Photocatalytic degradation of emerging contaminants in municipal wastewater treatment plant effluents using immobilized TiO2 in a solar pilot plant

Abstract: This article reports on degradation using TiO2 immobilized on glass spheres of 15 emerging contaminants (ECs) at low concentrations in simulated and real Municipal Wastewater Treatment Plant (MWTP) effluents. A sol containing titanium isopropoxide, commercial P25 and polyethylene glycol (PEG) was prepared, and a layer of the photoactive precursor was immobilized on glass spheres by dip-coating. The raw materials and the xerogels were characterized by N2 adsorption/desorption, XRD and TGA-DTA. The xerogel showed the TiO2 anatase, rutile and brookite crystal phases characteristic of the reference materials.
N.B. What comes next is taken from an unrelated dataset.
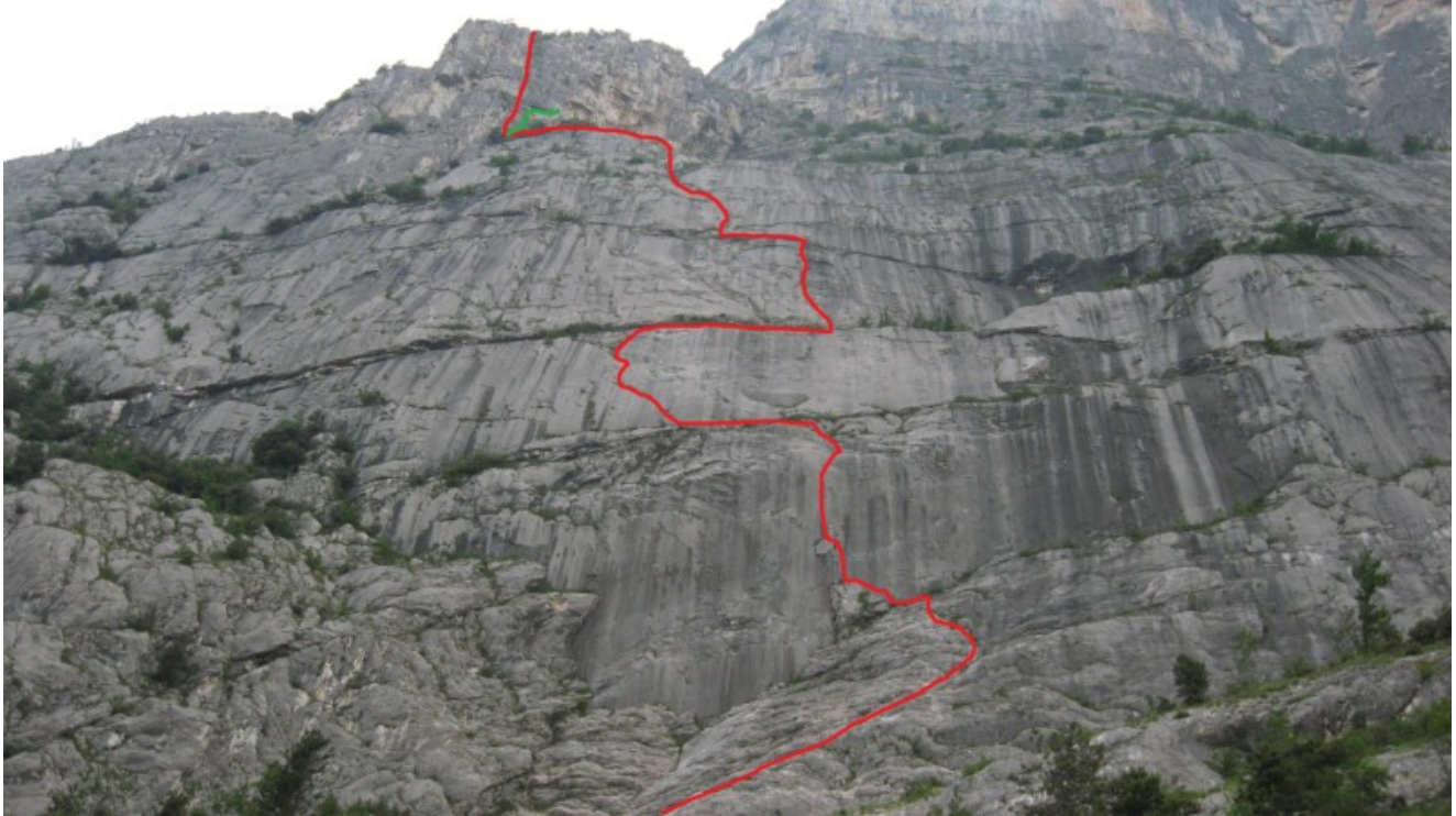
Tracciato della via (in verde il monotiro trad)

The diffraction pattern showed no modification of the crystal size from incorporation of the PEG. Two different TiO2 anatase crystal sizes were identified, which was attributed to the different TiO2 precursors used in the synthesis route. Degradation of the emerging contaminants (acetaminophen, antipyrine, atrazine, carbamazepine, diclofenac, flumequine, hydroxybiphenyl, ibuprofen, isoproturon, ketorolac, ofloxacin, progesterone, sulfamethoxazole and triclosan), at an initial concentration of 100 μg L−1 each was determined by ultra-performance liquid chromatography (UPLC-UV) and mineralization was monitored by measuring the dissolved organic carbon (DOC). The experiments were performed in a pilot compound parabolic collector (CPC) solar plant at the Plataforma Solar of Almeria (Spain). 85% of the compounds were degraded within 120 min of illumination time depending on the water. The results show the potential application of this technology as a good alternative to suspension systems for the treatment of polluted water.